Twitter users quickly took to the #McDStories hashtag. Great right?!? Engagement — the Holy Grail of social media! Sure, until you read the stories they were telling. It was so bad that McDonald’s killed the hashtag within 2 hours. Yet, over 3 years later, we’re still talking about it. Here are some of my favorites:
Even after reading this, I do strangely still want a Big Mac.

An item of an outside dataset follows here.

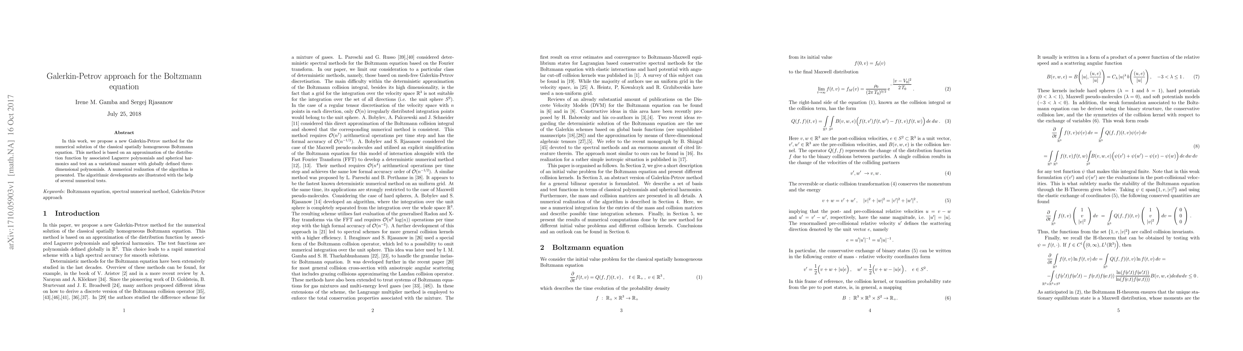 Researchers propose a new numerical method for solving the Boltzmann equation using Laguerre polynomials and spherical harmonics, with promising results in a variational test.

#SusanAlbumParty — Susan Boyle
Remember Susan Boyle — the breakout star of the 2009 season of Britain’s Got Talent? She ended up coming in second, but rode her surprise performance to success with her debut album becoming the number one album in the world in 2009. But this article isn’t about focusing on success (we’ve got plenty of those in the leadership category), this is about the terrible hashtag that her management team created on her behalf. I listed it at the top of this section using capital letters in the appropriate places to let you see what it was supposed to say. Let’s list it again here without the caps: #susanalbumparty. Glancing at this hashtag could easily make you think Susan was holding a different type of party altogether, and the innocent little lambs on Twitter didn’t let that go to waste. Although the tweet with the hashtag was quickly removed, it became one of the top trending topics on Twitter.
#NotGuilty — Entenmann’s
Just like in comedy, timing is everything on social media — especially so on Twitter. Trendjacking can be a huge win for a brand, but it has to be done right. Candy maker Entenmann’s found this out the hard way when they put out this tweet:
Totally harmless right? Sure, on a normal day. The problem? This tweet was released the same day as the verdict in the Casey Anthony trial was delivered. #NotGuilty was already trending. People found Entenmann’s use of the hashtag wildly insensitive. Entenmann’s quickly deleted the tweet and apologized.
Bad Luck Fails
In the previous two sections, we’ve looked at mistakes that could have been avoided with a little planning or foresight, but sometimes even those won’t save you. Here are two branding failures that came about as a result of plain ol’ bad luck.
The winner of virtually every “Don’t Let This Happen To You” branding award given since the mid-1980’s, Ayds dietary supplement did very well in the 1970’s and early 80’s. Of course, the breakout of the terrible AIDS virus put an end to that.
While the spread of this disease certainly wasn’t the fault of the leadership at Ayds, their response, or lack thereof, certainly was. What did they do to disassociate their product with the AIDS virus? They named it “Diet Ayds.” Genius. Surprisingly, they’re no longer open.
I honestly had no idea about this story until I went to get a Coke at the hospital when my son was being born and saw the picture below advertising the fact that I could get a free drink when I pay with ISIS. Seriously. This was still on a vending machine in the North Atlanta hospital where my son was born in February… 2015. PS I know the picture’s blurry. Sorry – I was working with about 2 hours of sleep in 72 hours.
Just picture it. you start a business, you get some traction, you get backing from large companies, and then you find out that you happen to share a name with the world’s most notorious terror cell. I can picture some poor marketing exec getting up, brushing his teeth ready to face the day, turning on the news… and crawling back in bed.
To it’s credit though, ISIS didn’t take the Ayds route and doggedly stick to their guns. They changed their name to Softcard and were recently bought out by Google to power the Google Wallet app– proving that you can come back from an epic branding failure.
What are some of your favorite #brandingfails?